CALGARY, Alberta, Dec. 1 (UPI) -- The provincial government of Alberta, Canada, said it aims to phase out coal by 2030 by adding more renewable energy resources to its grid.
"The plan we have put forward enables us to take real action on climate change, protect our electricity market and responsibly transition away from coal to up to 30 percent renewable energy by 2030," Environment Minister Shannon Phillips said in a statement. "This is good for our environment, good for our image in the world and good for the health of families."
Alberta's move follows a changing energy landscape ushered in by new Canadian leadership. Canadian Prime Minister Justin Trudeau, swept into power in October elections, unveiled an investment strategy from the sidelines of a meeting of G20 leaders in Turkey last month that includes dedicated funding for green infrastructure as one of the foundations of a new economy.

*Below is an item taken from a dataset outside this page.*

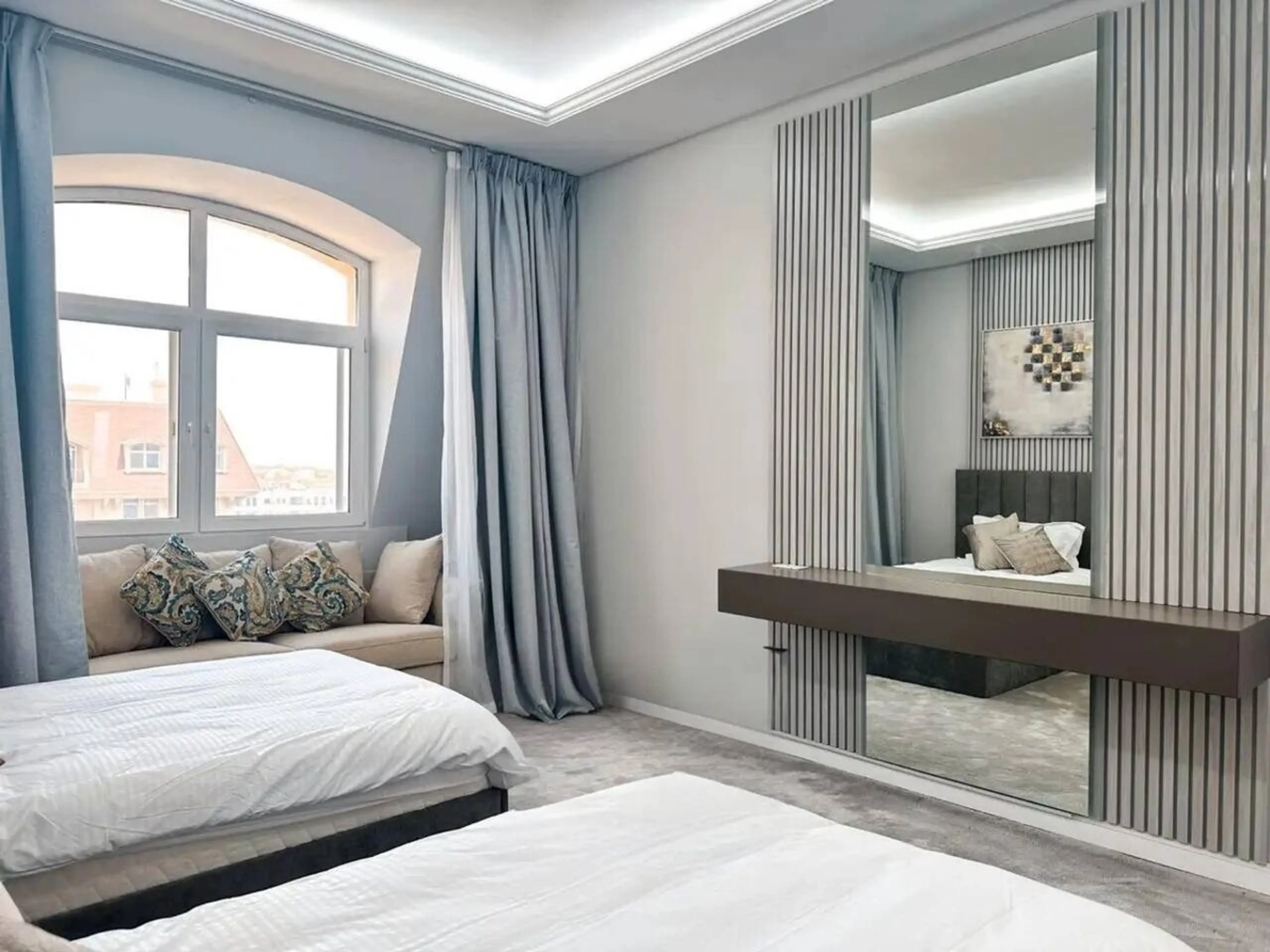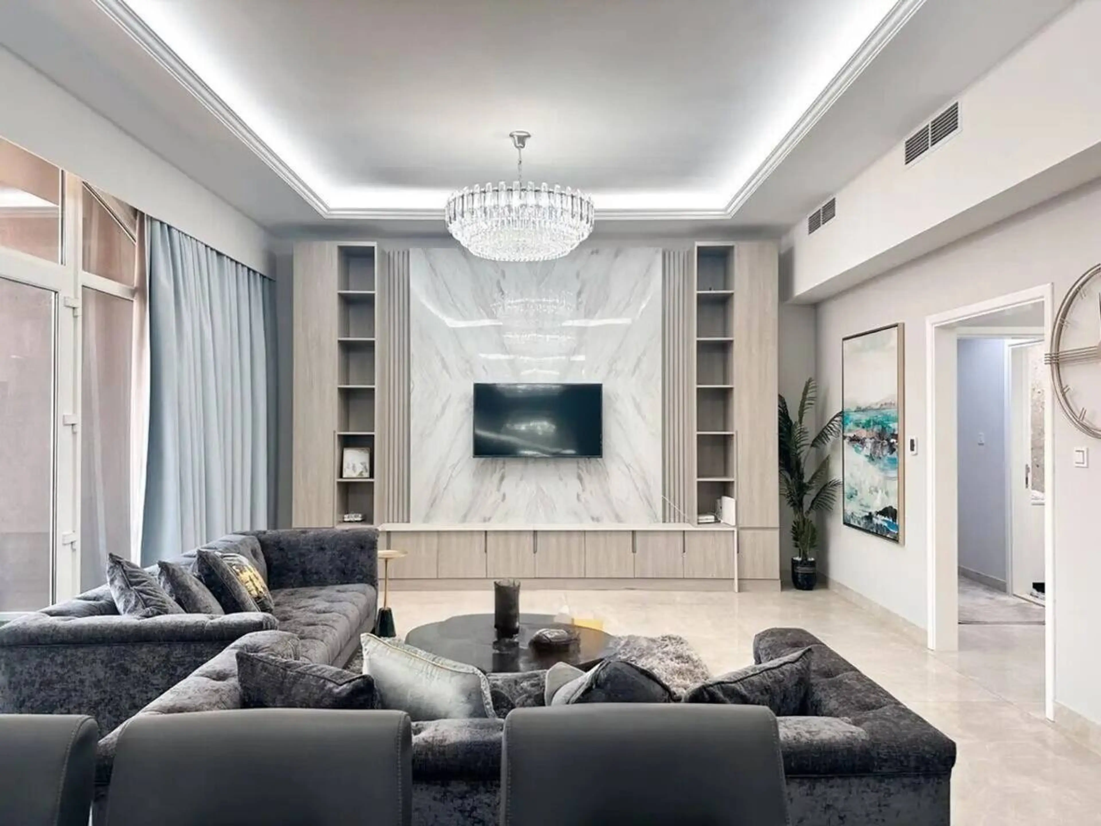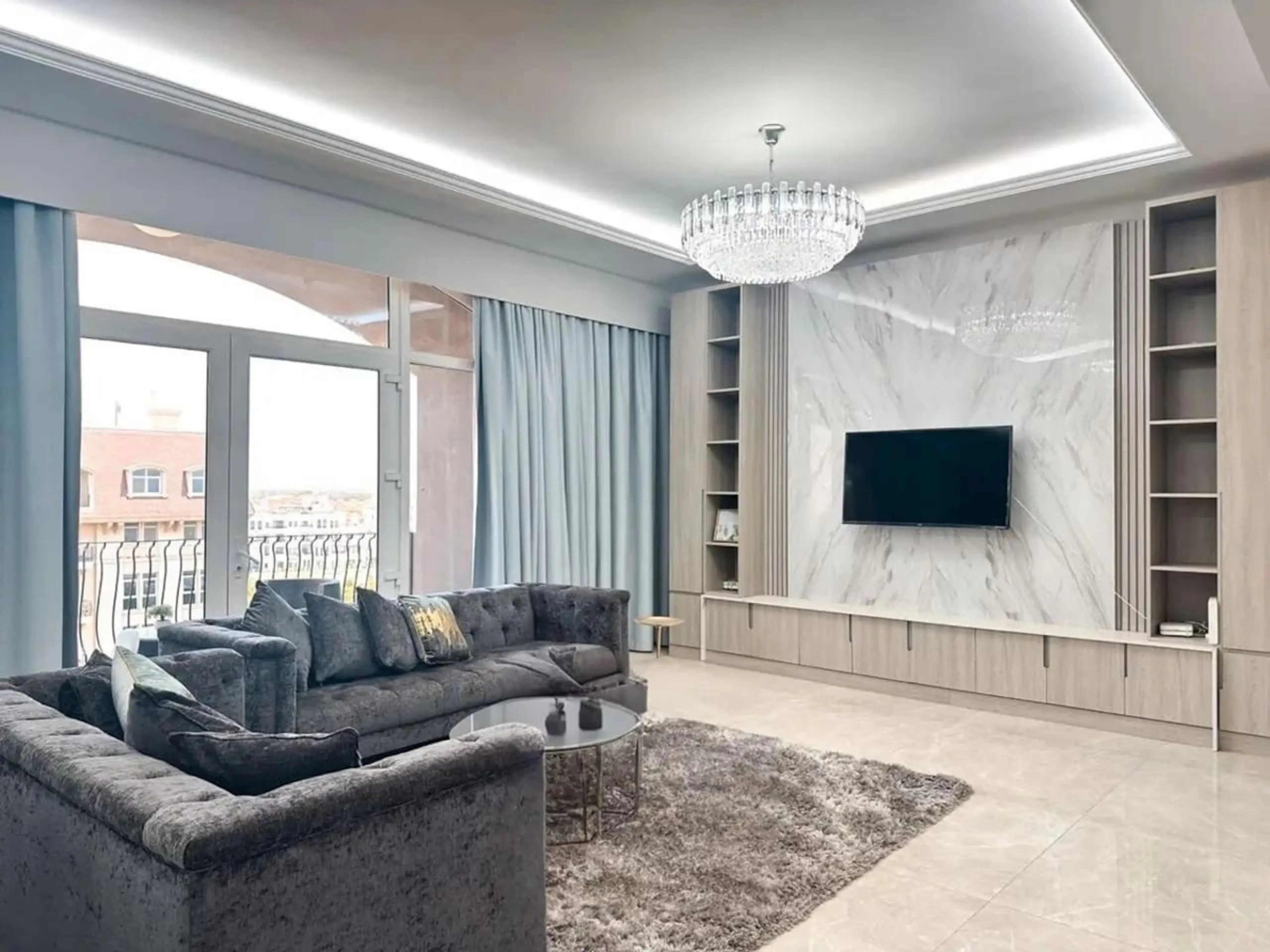 Our fully furnished unit features an open-concept layout with high ceilings and sleek modern design finishes. The living space includes a plush queen-sized bed, spacious wardrobes, a comfortable sofa, a Tv, and a fully equipped kitchen with high-quality appliances. It also features a private balcony...

The provincial government said moving away from coal will create new investment opportunities in Alberta. Lower crude oil prices are hurting a Canadian economy that depends heavily on oil and natural gas exports. Exports from Canada largely target a U.S. economy that's relying less on foreign reserves because of increased production from shale basins in the Lower 48.
Al Monaco, president and chief executive officer at Canadian energy company Enbridge, said Alberta needs new transmission infrastructure and financial support to usher in a new era.
"We're encouraged by the potential to be part of meeting what we believe to be ambitious, but achievable, targets for renewable generating capacity in the province," he said in a statement.
Alberta hosts the vast majority of the oil reserves in Canada. Concerns about the emissions associated with the heavier type of crude oil found in Alberta were in part behind a U.S. decision to deny a permit for the cross-border Keystone XL pipeline.
The provincial government said oil sands accounted for nearly 10 percent of all Canadian greenhouse gas emissions in 2012, the last full year for which data are available. In the 10 years ending in 2012, producers cut their per-barrel emissions by an average 28 percent.